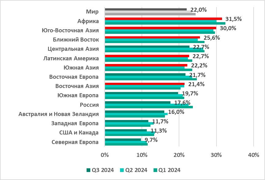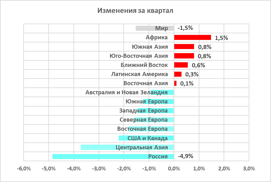 В шести регионах — Африке, Южной Азии, Юго-Восточной Азии, Латинской Америке, Восточной Азии, а также на Ближнем Востоке — показатели увеличились по сравнению с предыдущим кварталом.
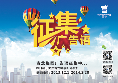 現(xiàn)為了使各地代理商、消費(fèi)者及社會公眾更加容易理解青龍集團(tuán)的環(huán)保節(jié)能、社會責(zé)任、誠實守信等文化涵義,建立青龍集團(tuán)全新品牌形象,現(xiàn)向社會各界征集集團(tuán)廣告語。歡迎社會各界踴躍參與。
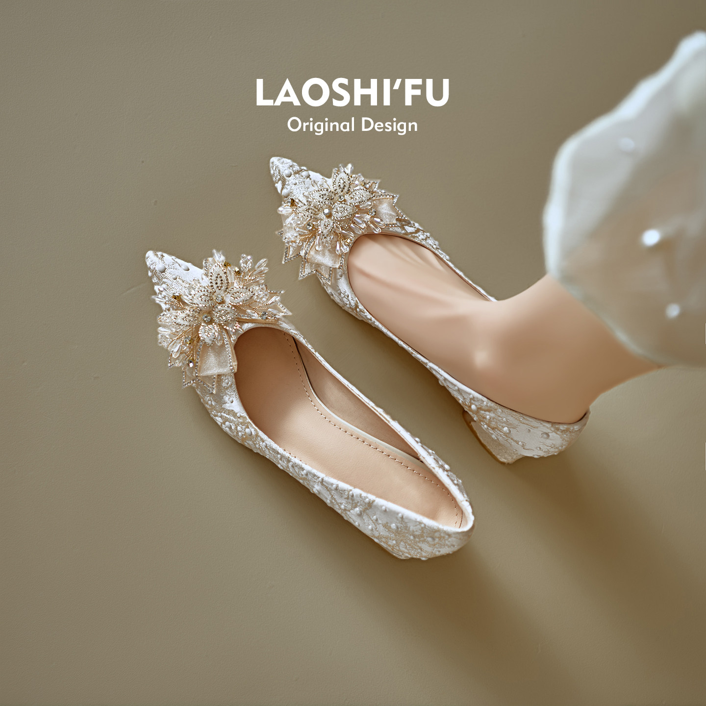 羊皮版~尖头水钻蝴蝶结粗跟单鞋女2026新款不累脚高跟伴娘鞋婚鞋
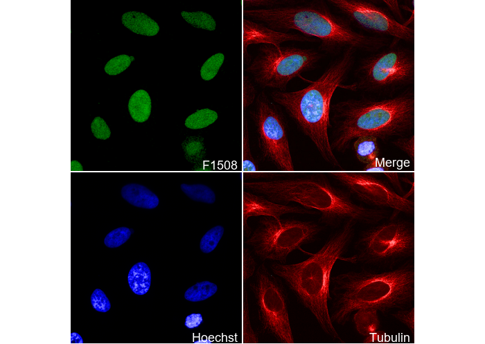 • Immunofluorescent analysis of Hela cells using F1508 (green, 1:100), Hoechst (blue) and tubulin (Red).
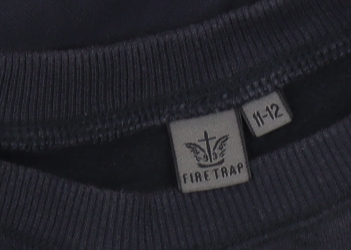 Firetrap Boys Black 11-12 Years Pullover Fleece Sweatshirt
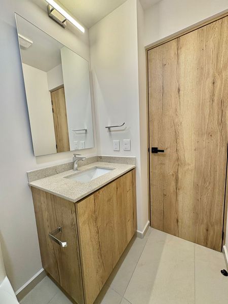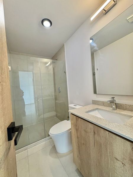 Se encuentra en el piso 5, tiene dos recamaras, cada una con aire acondicionado, la principal con closet muy amplio, un baño completo, cocina con cubierta de cuarzo blanco, sala comedor con aire acondicionado, área de lavado y cochera para un auto.
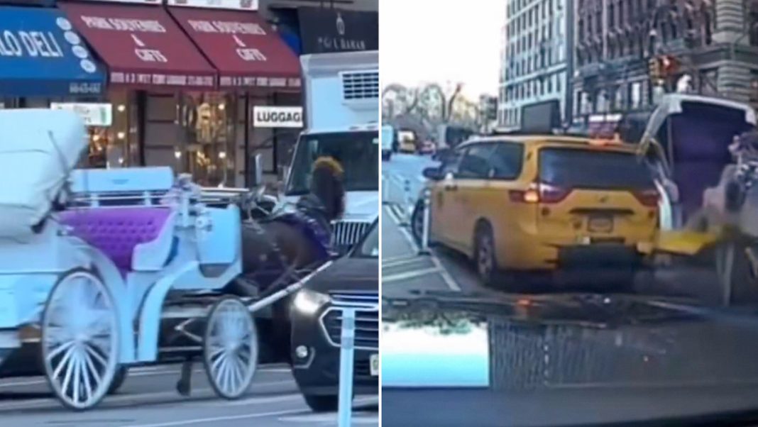Un carruaje tirado por un caballo se salió de control en calles de Nueva York y cruzó de manera intempestiva entre el tráfico, generando momentos de tensión entre automovilistas y peatones. El hecho, captado en video, muestra cómo el vehículo avanza sin control hasta impactarse contra un automóvil.
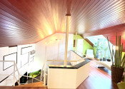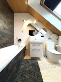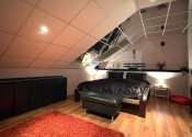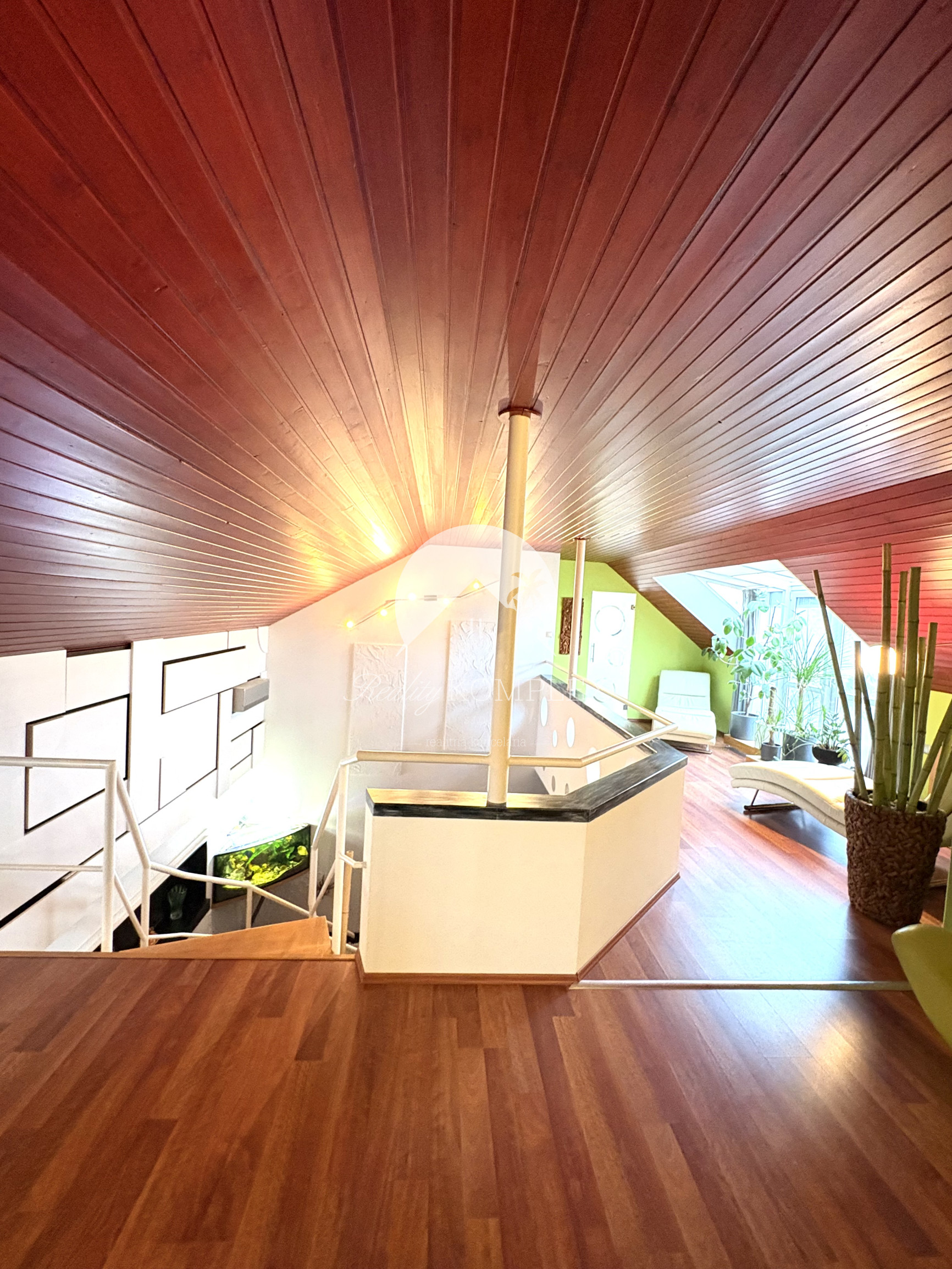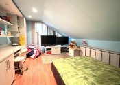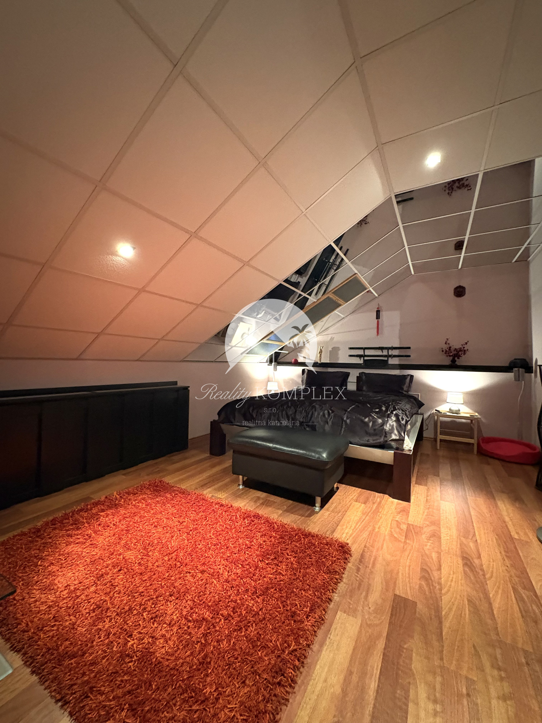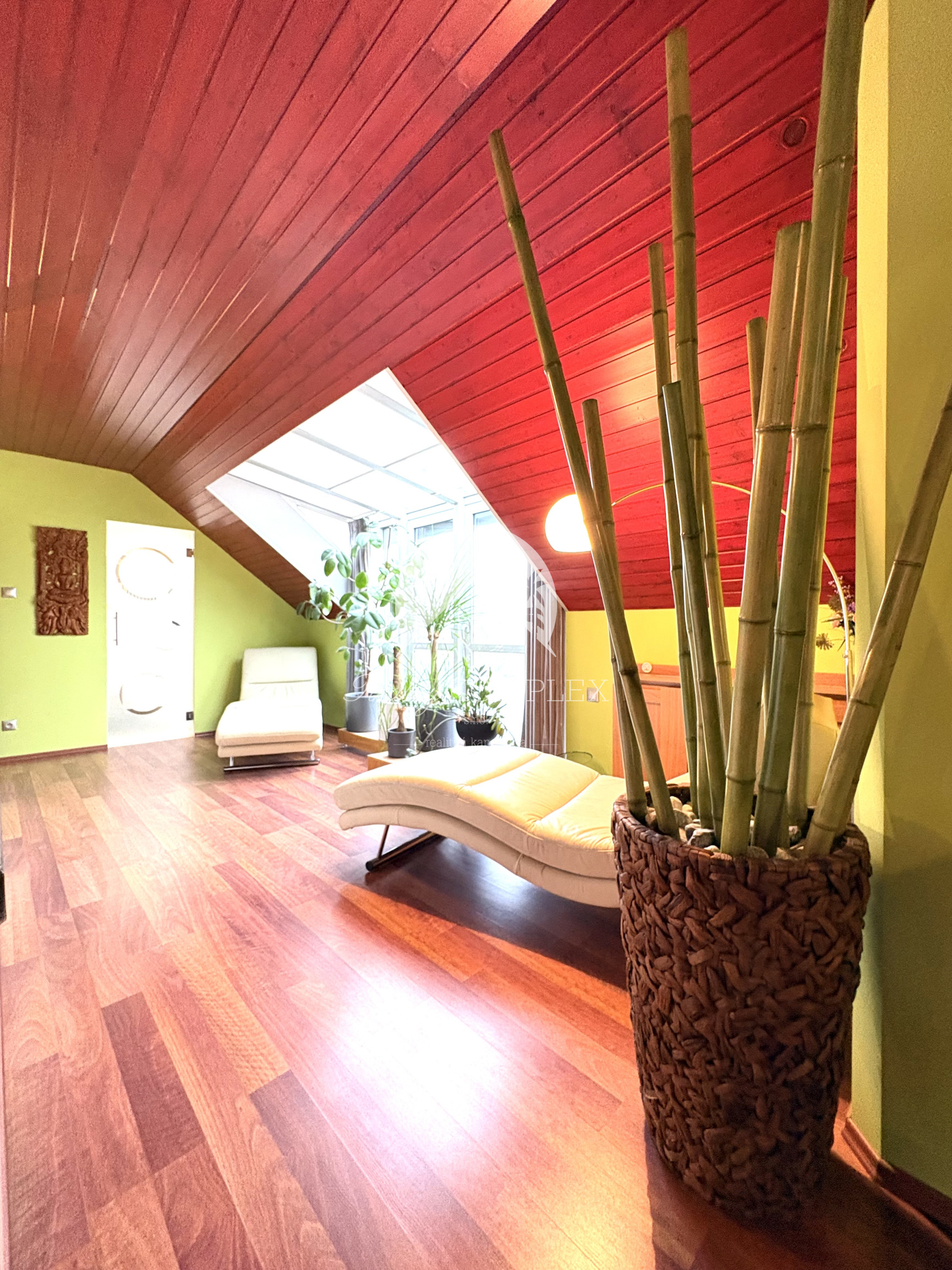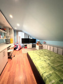 Podkrovie je riešené ako pokojná nočná časť: • galéria • veľká terasa • spálňa • pracovňa • šatník • kúpeľňa • dve samostatné izby
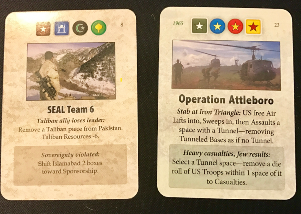 As you can see in the bolded text above the game instructions, each event has a different “interpretation” based on from what perspective you view the event. Credit: Raf CorderoSeal Team 6 either eliminates Taliban operatives in Pakistan (normally extremely difficult) or it angers Pakistan and moves them towards opposition with the Coalition forces. Operation Attleboro - a Fire in the Lake card - provides either a “Stab at the Iron Triangle” and the removal of VC forces or “Heavy casualties and few results” for the US. This two sided approach to the conflict is a big part of what draws me to this series of games. If you’ve listened to our podcast for a while then you know by now that Charlie and I have a lot of fun playing games, but we also think games can be for more than just fun.

**WHAT THIS TASK INVOLVES**:
Repeat exactly the lines from the first line of the records above through the line containing "羊皮版~尖头水钻蝴蝶结粗跟单鞋女2026新款不累脚高跟伴娘鞋婚鞋", leaving out the pictures.

**OUTPUT OF THE TASK**:
 В шести регионах — Африке, Южной Азии, Юго-Восточной Азии, Латинской Америке, Восточной Азии, а также на Ближнем Востоке — показатели увеличились по сравнению с предыдущим кварталом.
 現(xiàn)為了使各地代理商、消費(fèi)者及社會公眾更加容易理解青龍集團(tuán)的環(huán)保節(jié)能、社會責(zé)任、誠實守信等文化涵義,建立青龍集團(tuán)全新品牌形象,現(xiàn)向社會各界征集集團(tuán)廣告語。歡迎社會各界踴躍參與。
 羊皮版~尖头水钻蝴蝶结粗跟单鞋女2026新款不累脚高跟伴娘鞋婚鞋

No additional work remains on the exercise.